Civ. 638 (United Kingdom). See Habas Sinai Ve Tibbi Gazlar Istihsal Andustrisi AS v. V. S. C. Steel Company Ltd., [2013] E. W. H. C. 4071 (Comm.) (United Kingdom); Arsanovia Ltd. v. Cruz Ciy Mauritius Holdings [2013] 2 All. E. R. 1 (United Kingdom); BCY v. BCZ, [2016] S. G. H. C. 249 (Singapore).
[5] Id., Sulamérica, ¶24.
[6] Channel Tunnel Group Ltd. v. Balfour Beatty Construction Ltd [1993] A. C. 334 (United Kingdom).
[7] Nigel supra note 66, at 159 ¶3.13.
[8] Gary B. Born, International Commercial Arbitration, Vol. 1 1684 (2009).
[9] See C v. D, [2007] E. W. C. A. Civ. 1282 (United Kingdom); XL Insurance Ltd. v. Owens Corning, [2001] All. E. R. (Comm.) 530 (United Kingdom).
[10] Nigel supra note 66, at 161 ¶3.23.
[11] Bulgarian Foreign Trade Bank Ltd v Al Trade Finance Inc., Case No.
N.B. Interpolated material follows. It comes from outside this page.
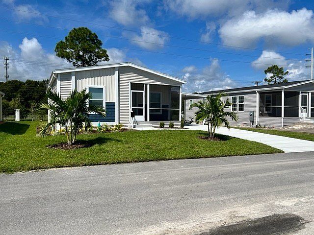 New Champion, 2 bed, 2 bath home with a spacious primary bedroom and den/flex room. LVT vinyl flooring throughout the home with carpet in bedrooms. All new stainless-steel appliances grace the open concept kitchen. A kitchen island/breakfast bar increased options for additional eating areas. Includes a screened porch in front. Offers a 7-year limited warranty so you can worry less and live more. Meet new neighbors and enjoy our active 55+ resort style living. Call today to schedule your tour of this home.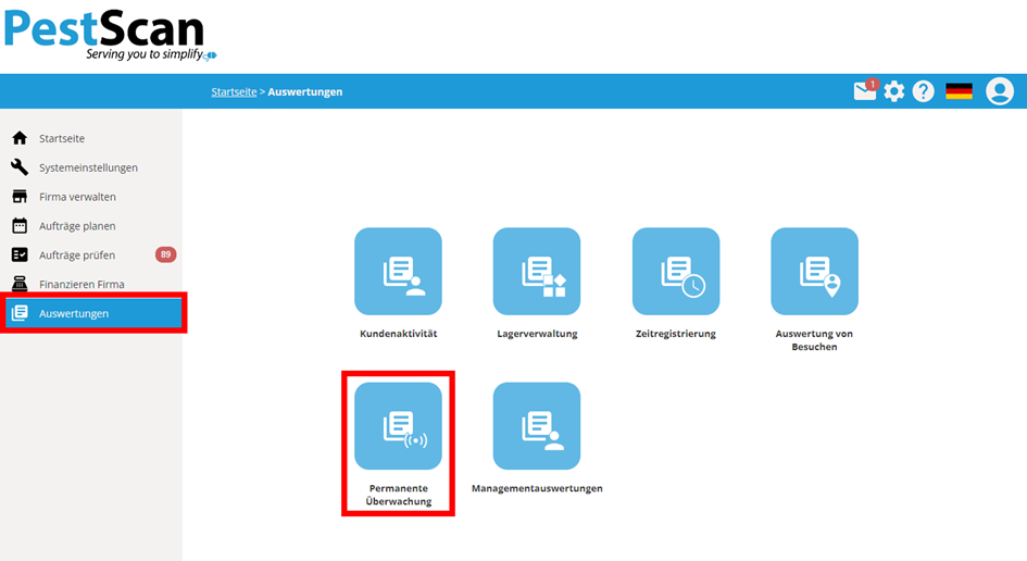 Klicken Sie in PestScan oben rechts auf das Zahnrad, um zu den allgemeinen Einstellungen zu gelangen. Klicken Sie dort oben auf Permanente Überwachung.

T1881–99, Swedish Supreme Court, 27 October 2000, (2001) XXVI Y. B. C. A. 291 (Sweden).
[12] Matermaco SA v PPM Cranes Inc., Brussels Tribunal de Commerce, 20 September 1999, (2000) XXV Y. B. C. A. 673 (Belgium).
[13] BCY v. BCZ, [2016] S. G. H. C. 249 (Singapore).
[14] New York Convention, 1958 Art. V (1) (a).
[15] UNICTRAL Model Law, 1985 Art. 34 (2) (a).
[16] Pedcor Mgt Co. Inc. Welfare Benefit Plan v North American Indemnity, 343 F. 3d 355 (5th Cir. 2003) (United States of America); AT&T Mobility LLC v Concepcion, 131 S. Ct. 1740, 1753 (2011) (United States of America).
[17] Michael Mustill and Stewart Boyd, Commercial Arbitration, 63 (2nd ed., 1989).
[18] Imperial Life Assurance Co. of Canada v. Colmenares, [1967] S. C. R. 443 (United States of America).
[19] Lilydale Cooperative Ltd. v. Meyn Canada Inc., 2015 O. N. C. A. 281 (Canada).
[20] G. C. Cheshire, Private International Law, 190 (7th ed., 1965).
[21] Lilydale, supra note 94, at ¶15.